Navigate to the create job page, you can see the job configuration form.

Job name: We can set it to nanogpt-training.
Resource: We need to use H100 GPUs, select H100 x8 and set worker count to 1. You can use multiple workers to speed up the training process.
Image: Choose the custom image, and fill in image nvcr.io/nvidia/pytorch:24.11-py3
Run command: Copy the following codes to the run command field.

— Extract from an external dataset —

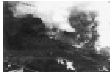
کشتی نرماندی در بندر نیویورک در آتش می‌سوزد

نرماندی، زیباترین کشتی مسافری جهان که پیش از جنگ «عروس آن لاتینک» لقب گرفته بود، در بندر نیویورک دستخوش حریق و به آهن پاره مبدل شد. این کشتی مسافری لوکس که میان اروپا و آمریکا رفت‌و آمد می‌کرد، پس از اشغال فرانسه توسط آلمان و روی کار آمدن حکومت ویشی، برای اینکه در اختیار هیتلر قرار نگیرد، در بندر نیویورک متوقف شدو اخیراً کنگره آمریکا مصوبه‌ای برای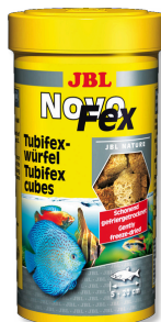
JBL NovoFex Tubifex cubes, pamlsky pro akvarijní ryby

# Download the environment setup script from Lepton's GitHub repository, make it executable, and source it to initialize the environment variables.
wget -O init.sh https://raw.githubusercontent.com/leptonai/scripts/main/lepton_env_to_pytorch.sh
chmod +x init.sh
source init.sh

export NCCL_DEBUG=INFO

# Print the environment variables and list the files in the root directory to verify the setup.
env | grep RANK

pip install torch numpy transformers datasets tiktoken wandb tqdm

# Clone the NanoGPT repository
cd /workspace
git clone https://github.com/karpathy/nanoGPT.git
cd nanoGPT

# prepare train data
python data/shakespeare_char/prepare.py

ngpus=$(nvidia-smi -L | wc -l)
if [ ngpus != 8 ]; then
    unset NCCL_SOCKET_IFNAME
fi

accum_steps=$((ngpus*WORLD_SIZE*4))
sed -i "s/gradient_accumulation_steps = 1/gradient_accumulation_steps = ${accum_steps}/g" config/train_shakespeare_char.py

torchrun \
    --master_addr ${MASTER_ADDR} \
    --nnodes ${WORLD_SIZE} \
    --node_rank ${NODE_RANK} \
    --nproc_per_node ${ngpus} \
 train.py config/train_shakespeare_char.py

After the configuration is done, click on Create to submit the job, and you can see the job status in the job detail page.

The duration of the training job depends on the number of parameters you set and the number of GPUs you use. When the job is running, you can check the real-time logs and metrics.